___ Exercise data ___

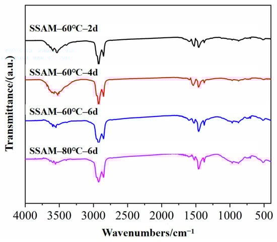 At a macroscopic level, the pull-out test results indicated that after 2~6 d–60 °C H2O immersion, the damage mechanism rapidly evolved from cohesive to mixed damage, while adhesion damage appeared after a long time (>4 days) of high-temperature H2O immersion. On the other hand, the H2O-immersion Marshall test results indicated that after 2~6 d–60 °C or 80 °C H2O immersion, the residual stability of SSPA first increased and then decreased. At 6 d–80 °C H2O immersion, the residual stability of SSPA was 81%, which does not meet the 85% Chinese JTG/T 3350-03 [57] specification requirements. In addition, after medium-temperature H2O immersion, the results of the pull-out test were mostly cohesive damage, and the residual stability of SSPA was greater than 85%, which met the Chinese JTG/T 3350-03 specification requirements. Therefore, we selected the most representative experimental data, and analyzed the reason for why the water stability of SSPA first increased and then decreased through 2~6 d–60 °C H2O immersion, and comparatively analyzed the reason for why the residual stability of SSPA was lower than 85% through 6 d–60 °C or 80 °C H2O immersion. To sum up, based on the macroscopic test data, SEM, FTIR, and XRD tests on SSPA and SSAM samples after 2~6 d–60 °C and 6 d–80 °C H2O immersion were conducted to microscopically analyze the moisture damage mechanism of SSPA after time–temperature H2O-immersion curing.
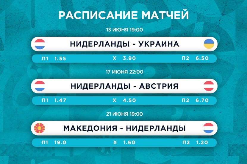 На то, что Нидерланды станут чемпионами Европы заключаются пари с коэффициентом 10. Выше оцениваются шансы Испании (8), Германии (8), Бельгии (6,50), Англии (6,50) и Франции (6,50).
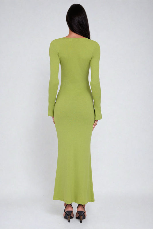 V-Neck Maxi Dress with Chain Detail - Green
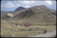 منظر طبيعي وعلامة حمراء على شكل منزل ، مع ظهور قصر إسحاق باشا على من الخلف

___

• [Description of the task]:
With the pictures omitted, copy exactly the lines of the listing above starting at the line containing "На то, что Нидерланды" and ending at the line containing "V-Neck Maxi Dress with Chain Detail - Green", both included.

• [Exercise answer]:
 На то, что Нидерланды станут чемпионами Европы заключаются пари с коэффициентом 10. Выше оцениваются шансы Испании (8), Германии (8), Бельгии (6,50), Англии (6,50) и Франции (6,50).
 V-Neck Maxi Dress with Chain Detail - Green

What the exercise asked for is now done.